# pnp4nagios Uprawnienia dla /var/lib/perfdata.dump

## saluo

Witam

Zainstalowałem pnp4nagios i wszystko wygląda że prawie działa. Problem jest tylko w jednym.

PNP domyślnie zapisuje  perfdata.dump oraz perfdata.log w /var/lib który nie ma prawa do zapisu przez grupę i innych.
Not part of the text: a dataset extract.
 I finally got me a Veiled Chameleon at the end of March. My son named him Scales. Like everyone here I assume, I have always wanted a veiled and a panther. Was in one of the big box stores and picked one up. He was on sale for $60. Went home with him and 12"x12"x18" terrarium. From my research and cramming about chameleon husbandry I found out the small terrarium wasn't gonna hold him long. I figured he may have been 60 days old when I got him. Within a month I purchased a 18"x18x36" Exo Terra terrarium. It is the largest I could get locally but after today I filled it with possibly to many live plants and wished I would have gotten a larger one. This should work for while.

Prawa zapisu są nadane jedynie dla właściciela. 

Gdy próbowałem problem rozwiązac przez ręczne utworzenie tych plików i nadanie im ręcznie uprawnień zapisu przez chwilkę było ok, lecz gdy polecenie rname wszystko staneło w miejscu z powodu braku uprawnień. 
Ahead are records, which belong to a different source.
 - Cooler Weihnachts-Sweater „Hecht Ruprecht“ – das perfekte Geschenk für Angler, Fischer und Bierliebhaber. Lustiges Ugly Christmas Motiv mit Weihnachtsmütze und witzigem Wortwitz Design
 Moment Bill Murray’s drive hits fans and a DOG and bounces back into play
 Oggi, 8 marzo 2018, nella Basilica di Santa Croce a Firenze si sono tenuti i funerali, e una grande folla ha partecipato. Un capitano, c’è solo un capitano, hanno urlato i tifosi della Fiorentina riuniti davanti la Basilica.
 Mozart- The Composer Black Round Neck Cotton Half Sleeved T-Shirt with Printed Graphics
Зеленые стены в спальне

Z tego co widzę rname tworzy na podstawie perfdata.dump spool'e w /var/spool/pnp.

Obecnie chwilowo problem został ominięty poprzez nadanie uprawnień zapisu przez grupę i innych na /var/lib, ale nie chce robic luki w systemie.

Nadmienię że znalazłem podobny temat na google, lecz po niemiecku, i nic z tego nie rozumie.

Z góry dzięki za pomoc.

----------

## grzywka18

osobiście nie znalazłem u siebie takich plików ale w ostateczności chyba możesz podmontować partycje z opcją -o acl i wtedy skorzystac z dodatkowych możliwości nadania uprawnień.

ps co do tłumaczenia to skorzystaj z [url]http://translate.google.pl/#de|pl|[/url]

----------